## Task material
######
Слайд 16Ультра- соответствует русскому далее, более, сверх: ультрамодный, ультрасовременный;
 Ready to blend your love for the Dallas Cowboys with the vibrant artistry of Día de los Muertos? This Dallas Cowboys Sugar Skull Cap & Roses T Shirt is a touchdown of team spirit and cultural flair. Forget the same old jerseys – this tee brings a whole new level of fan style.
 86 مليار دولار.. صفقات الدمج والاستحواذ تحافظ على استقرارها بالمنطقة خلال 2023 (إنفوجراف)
######
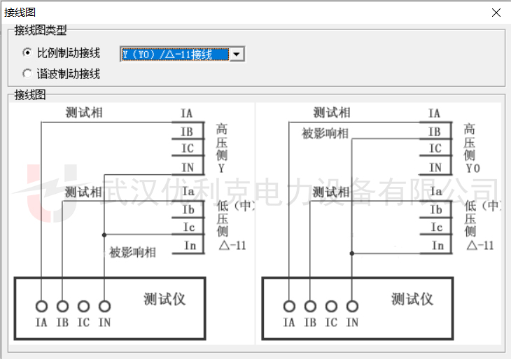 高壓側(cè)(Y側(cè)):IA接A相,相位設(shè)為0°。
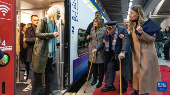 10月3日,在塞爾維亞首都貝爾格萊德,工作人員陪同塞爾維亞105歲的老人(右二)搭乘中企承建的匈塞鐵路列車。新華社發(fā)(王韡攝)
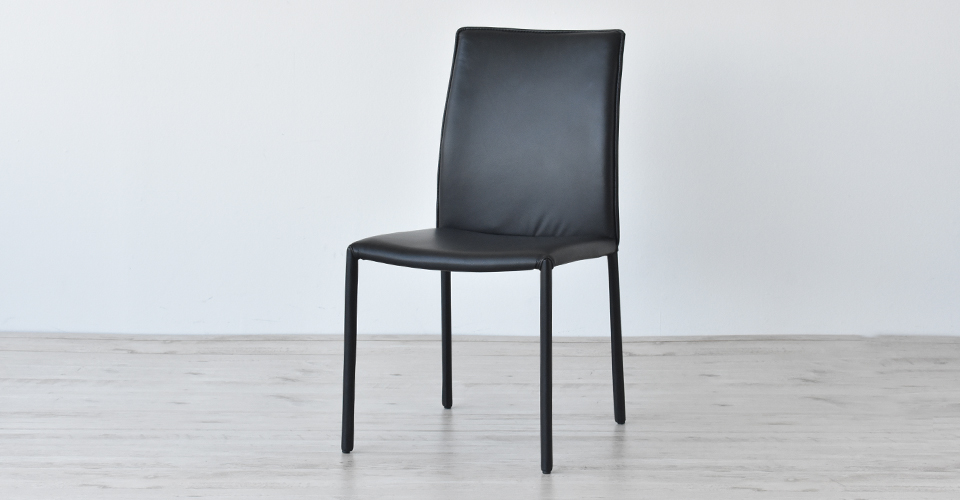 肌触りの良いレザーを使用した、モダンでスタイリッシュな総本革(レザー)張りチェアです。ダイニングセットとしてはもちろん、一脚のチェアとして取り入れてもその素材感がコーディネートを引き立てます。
######
## Task prompt
Within the material above, the line with "Слайд 16Ультра- соответствует" opens the range and the line with "86 مليار دولار.." closes it; reproduce that range word for word.

## Answer to this problem
Слайд 16Ультра- соответствует русскому далее, более, сверх: ультрамодный, ультрасовременный;
 Ready to blend your love for the Dallas Cowboys with the vibrant artistry of Día de los Muertos? This Dallas Cowboys Sugar Skull Cap & Roses T Shirt is a touchdown of team spirit and cultural flair. Forget the same old jerseys – this tee brings a whole new level of fan style.
 86 مليار دولار.. صفقات الدمج والاستحواذ تحافظ على استقرارها بالمنطقة خلال 2023 (إنفوجراف)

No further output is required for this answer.